YOUR ASSIGNMENT: Output nothing but the lines from the first line of the listing below through the line containing "8 .D-Streams Stream", printed exactly and free of pictures.

DATA PROVIDED:
Content starts

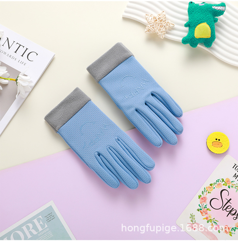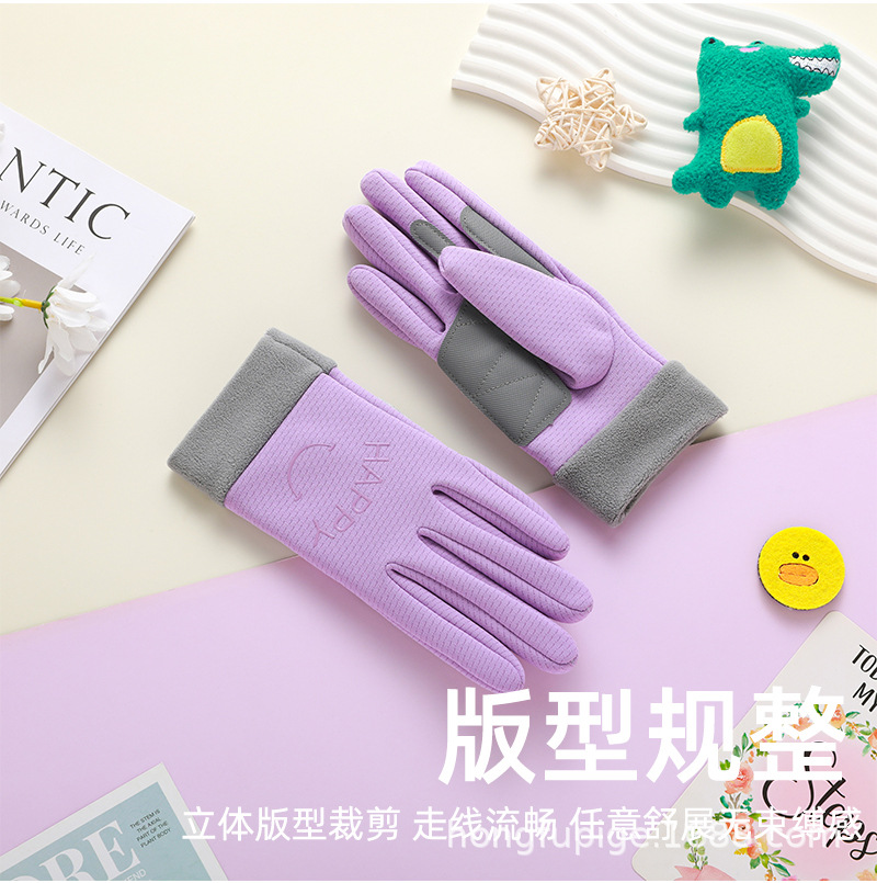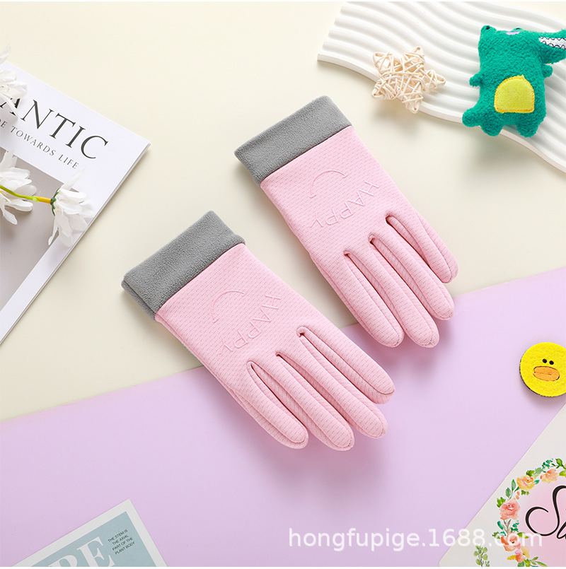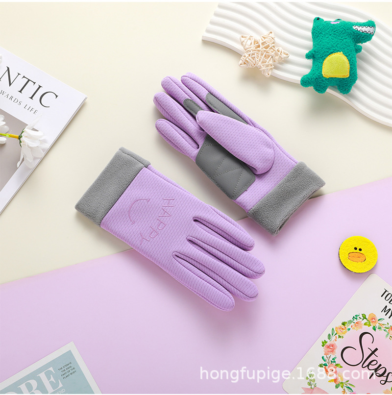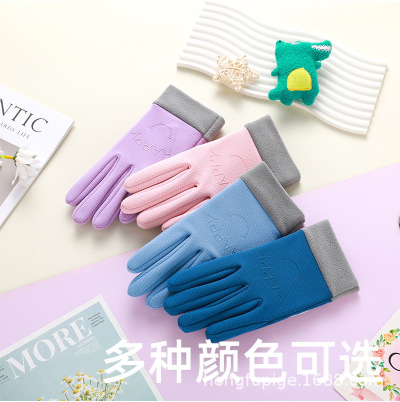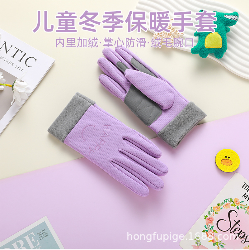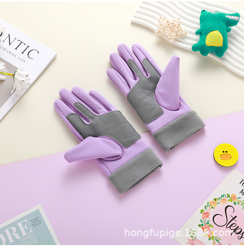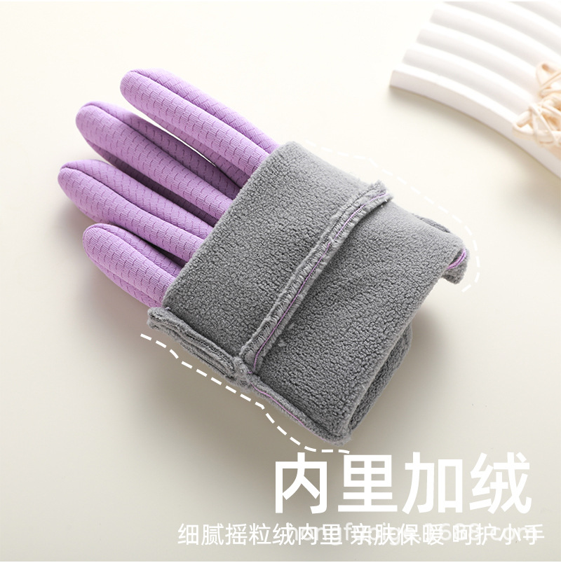 Guantes para niños de otoño y invierno para montar al aire libre con vello a prueba de viento y frío para hombres y mujeres con dedos enteros lindos guantes de motocicleta calientes
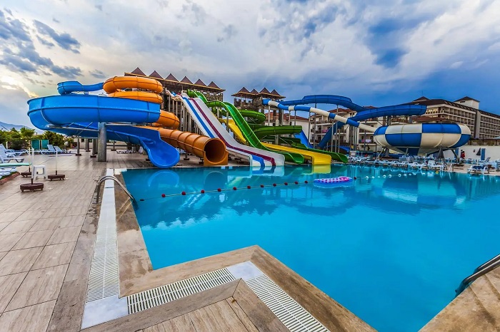 К услугам гостей стандартные и семейные номера, спа-центр, тематические рестораны, аквапарк.
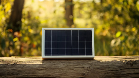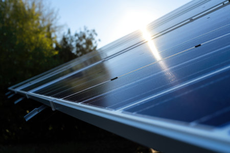 A close-up view presents a solar panel reflecting sunlight against a backdrop of blurred trees and a blue sky. The image features a shallow depth of field, with soft focus on the background. This composition showcases sustainable energy concepts. Suitable for environmental or technological related projects.
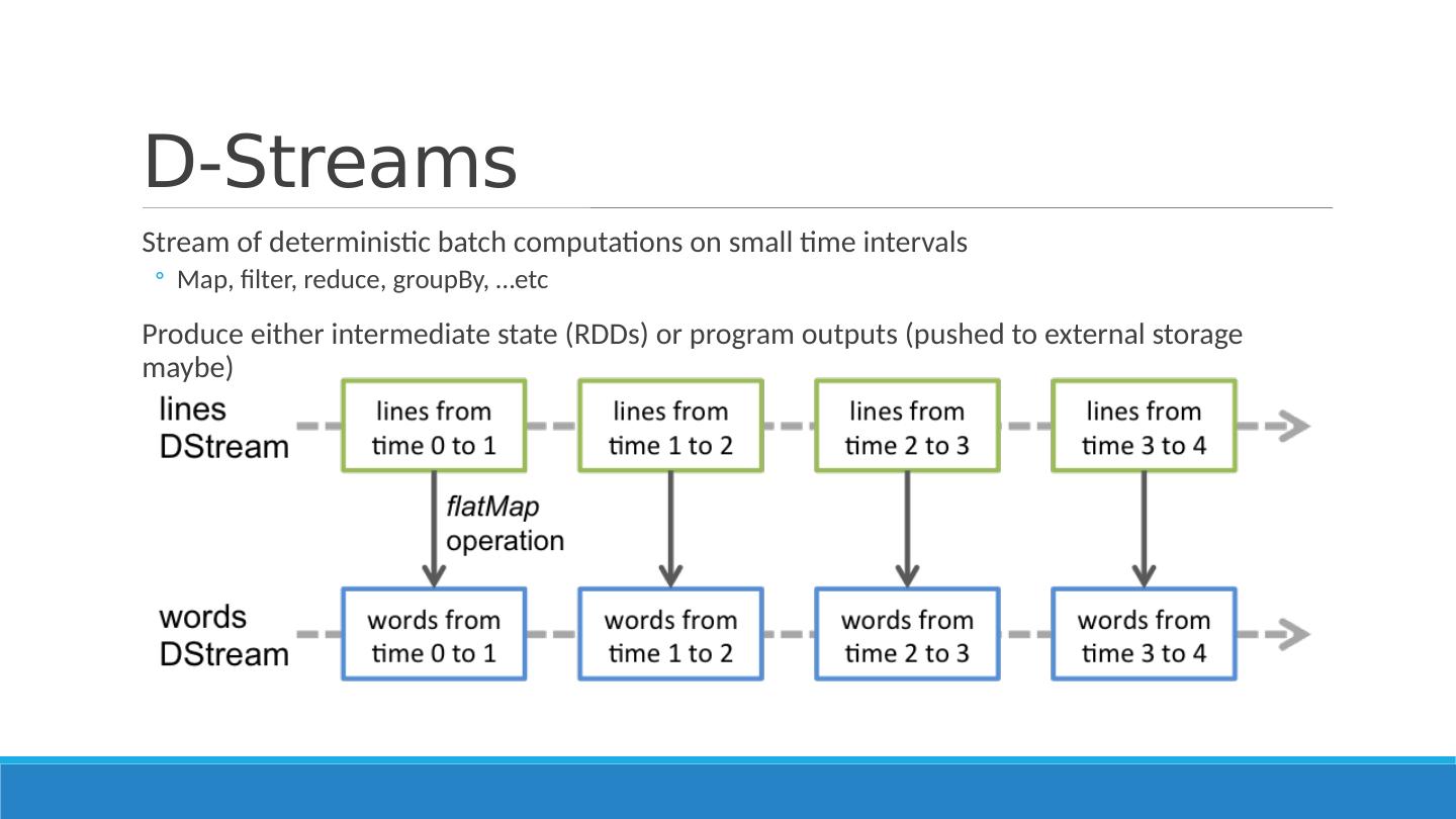 8 .D-Streams Stream of deterministic batch computations on small time intervals Map, filter, reduce, groupBy , … etc Produce either intermediate state (RDDs) or program outputs (pushed to external storage maybe)
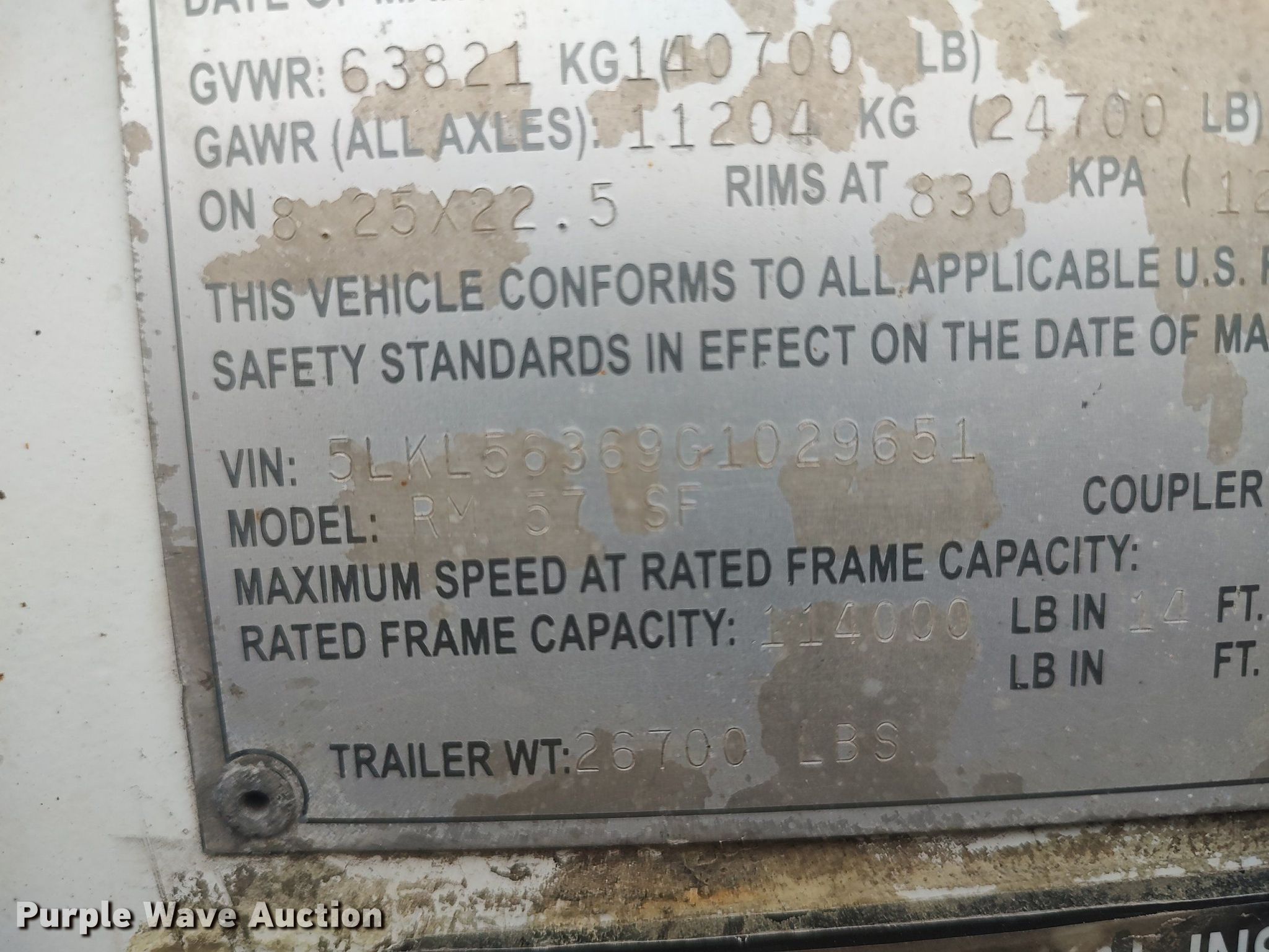 2016 Load King equipment trailer. VIN: 5LKL56369G1029651. Dimensions Overall: 54' L x 102" W, Deck: 30' 6" L x 102" W, Rear deck length: 12' 6", Ramps: Manual. Features Deck type: Wood, Outriggers: Swing-out Board size: 12", Self-contained hydraulics, Hydraulic controls: Manual. Chassis Suspension: Air, Brakes: Air, Axles: Triple, GVWR: 40,700 lbs, GAWR: 24,700 lbs. Tires Steel wheels, Size: 275/70R22.5. Notes Tire damage, Stinger axle not included. Kansas title. Title distribution may be delayed up to 30 days from verification of funds. Mies Construction. 1919 Sw Blvd.. Wichita, KS 67213

Content ends

PROBLEM SOLUTION:
 Guantes para niños de otoño y invierno para montar al aire libre con vello a prueba de viento y frío para hombres y mujeres con dedos enteros lindos guantes de motocicleta calientes
 К услугам гостей стандартные и семейные номера, спа-центр, тематические рестораны, аквапарк.
 A close-up view presents a solar panel reflecting sunlight against a backdrop of blurred trees and a blue sky. The image features a shallow depth of field, with soft focus on the background. This composition showcases sustainable energy concepts. Suitable for environmental or technological related projects.
 8 .D-Streams Stream of deterministic batch computations on small time intervals Map, filter, reduce, groupBy , … etc Produce either intermediate state (RDDs) or program outputs (pushed to external storage maybe)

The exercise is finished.